>>Why lay our deficiency in those regards at the door of
>>the Constitution? At the time it was written, how
>>many countries were doing it better?
>
>It was written over 200 years ago. Isn't that a rather odd standard to use
>in 1999?
Not necessarily. The Allthing is still the Parliament in Iceland, and it's on the order of 1000 years old. Similarly the Magna Carta, 800 years old, is still the touchstone for UK democracy, classist tho it was. It's not at all clear to me why age should be an issue. Much more to the point is whether the principles are being upheld in the best way or the worst. In the US, today, it's the worst.
>
>>The Document doesn't forbid our having a better
>>political system. It would support all the things
>>you name, if only we demanded them.
>
>You are really underestimating the institutional obstacles to popular
>democracy in the U.S., starting with those deliberately obstructionist
>constitutional institutions, the Senate and the Supreme Court, and going on
>down to the whole idiotic federal structure of the U.S., with its 85,000
>governmental entities. For a country that professes to hate government we
>sure create lots of them. How can you create a sensible regional or
>national policy on anything from education to welfare to the environment
>with every Podunk school authority and water district claiming sovereignty
>over its precious half-acre of soil? And how about our state governments?

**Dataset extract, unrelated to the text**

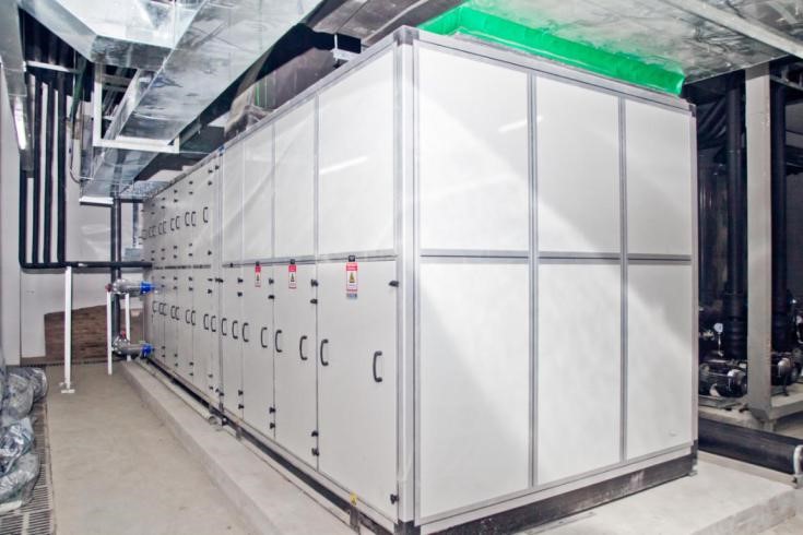 泳池位于體育館內,長50m,寬21m,水深1.5m,配置水處理系統、除濕系統、空氣源熱泵供熱系統。池水處理采用逆流循環方式,消毒方式是臭氧消毒配合長效氯消毒。室內空氣采用除濕、熱回收、池廳空氣溫度制冷、制熱處理。

>What nests of incompetence and corruption they are - they make Washington
>look like models of flexibility and openness.
Surely you don't mean to argue that if every voter in the US spoke with one voice it would be ignored, do you? Do you really believe, as my older daughter cynically claims to, that 'if voting could make a difference, it would be illegal'?
I don't. I'm convinced that the folk in power want nothing more than to convince us that 'resistance is futile'. The very fact that they put so much energy into convincing us, managing us, and deflecting us suggests, as Chomsky has pointed out, that they are extremely vulnerable and they know it.
As to central v decentralised control -- tho I'm unclear on what that has to do with the issue -- we're only now coming to the point technologically where central planning is even a realistic possibility. There's nothing inherently wrong with decentralisation -- in fact, it is the only way to get human-sized problems, right now.
If even the Religious Reich could be successful on the local level despite such a dystonic message that they had to lie about it...surely the left could define an appealing, workable platform and capture first local, then regional, and finally national offices. Why aren't we working on that?
Or is it that we 'inteligentsiya' truly are intellectually arrogant, stagnant, bankrupt, and have nothing to offer working folk except a dystopic reprise of Soviet-style 'paradise'? Should we admit that we have nothing to offer but obfuscatory, hypertheoretical criticism? Pack up and go home, sort of thing?